Alors que je m’apprête à quitter la boutique, je vois Jack Dorsey, fondateur et PDG de Twitter – et fan fini de Rick –, à la station de massage de pied. Depuis quelques années, il rejette le look classique des PDG de la tech – jean et pull à capuche – à la faveur d’un blouson de cuir et des baskets de Rick pour le plus grand plaisir des commentateurs de la mode. J’ai demandé à Dorsey ce qu’il admire dans le travail de Rick, il m’a répondu : « C’est un architecte. Et j’adore sa vision avant-gardiste. Je pense qu’il est l’un des rares à vraiment faire quelque chose d’unique et d’original, mais c’est encore une question d’architecture. Il est extrêmement inspirant. Je lis toutes les entrevues qu’il donne. Il est brillant. »

Je suis entièrement d’accord avec Dorsey. La dernière question que je pose à Rick est ouverte. J’écris : « Mr. Owens, vous êtes extrêmement généreux de votre temps quand vous donnez des entrevues et parlez aux médias – y a-t-il une question qu’on ne vous a jamais posée, que vous auriez aimé qu’on vous pose? Ou une question à laquelle vous aimeriez que toute personne qui lit ceci réfléchisse. Je vous laisse avec sa réponse :

GÉNÉREUX? OU LIMITE INSUPPORTABLE… ? J’AI ÉTÉ DANS LES PARAGES ASSEZ LONGTEMPS QUE SI VOUS AVIEZ QUELQUE INTÉRÊT POUR MOI… JE ME SUIS BEAUCOUP RÉPÉTÉ, J’AI UNE VISION PLUTÔT ÉTROITE. D’UN AUTRE CÔTÉ, IL SERAIT ARROGANT DE PRÉSUMER QUE TOUT LE MONDE LIT TOUT CE QUE JE DIS. ET LES CHOSES QUE JE NE VEUX PAS TROP EXPLIQUER SONT MAL INTERPRÉTÉES… PAR EXEMPLE, UN AMI DU MILIEU DES ARTS EST DÉGOÛTÉ PAR MON UTILISATION DE L’IMAGE DE LA TÊTE D’UN FUTURISTE ITALIEN,

[PORTRAIT OF HIS EXCELLENCY MARINETTI (ITALIAN LOUDSPEAKER) DE THAYAHT]
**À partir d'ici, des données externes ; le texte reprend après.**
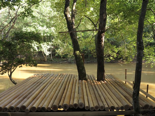 ツリーハウスの下になるデッキが完成です。池に望むステージができあがりました。いい感じです。次はこの上にツリーハウスを載せる上のデッキをつくります。完成まであと2年かな。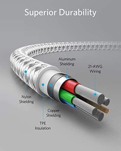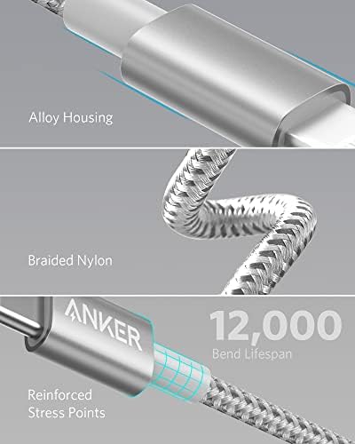 Anker Nylon USB C to Lightning Cable [10ft MFi Certified] for iPhone 13 13 Pro 12 Pro Max 12 11 X XS XR 8 Plus, AirPods Pro, Supports Power Delivery (Silver)

QUI EST ASSOCIÉE À L’ITALIE FASCISTE – JE SUPPOSE QU’IL DÉSAPPROUVE LE FAIT QUE JE LA GLORIFIE. ET, OUI, POUR MOI CETTE TÊTE REPRÉSENTE LE MONSTRE QU’ON PEUT TOUS DEVENIR QUAND ON EST EMPORTÉ PAR NOTRE PROPRE CODE DE PRINCIPES MALAVISÉ. IL Y A QUELQUE CHOSE DE POIGNANT DANS L’EXEMPLE QUE REPRÉSENTE AUJOURD’HUI UNE TÊTE FUTURISTE DES ANNÉES 30. JE N’AI CERTAINEMENT PAS L’AUTORITÉ DE DONNER QUELQUE LEÇON QUI SOIT, MAIS J’AIME CETTE CITATION CÉLÈBRE DE SANTAYANA : « CEUX QUI NE PEUVENT SE SOUVENIR DU PASSÉ SONT CONDAMNÉS À LE RÉPÉTER ».
J’AURAIS CRU QUE, AVEC TOUS MES EFFORTS POUR PROMOUVOIR LA TOLÉRANCE ET L’UNITÉ DANS MES DÉFILÉS, CETTE INTENTION ÉTAIT CLAIRE, MAIS JE SUPPOSE QUE C’EST PEUT-ÊTRE MOI QUI SUIT UN CODE DE PRINCIPES MALAVISÉ. POUR MOI, CETTE TÊTE FUTURISTE EST MA VERSION D’UN CRÂNE. TOUT EST VANITÉ.

Adam Wray est rédacteur sénior chez SSENSE. Ses textes ont notamment paru dans Vogue, T : The New York Times Style Magazine et The Fader.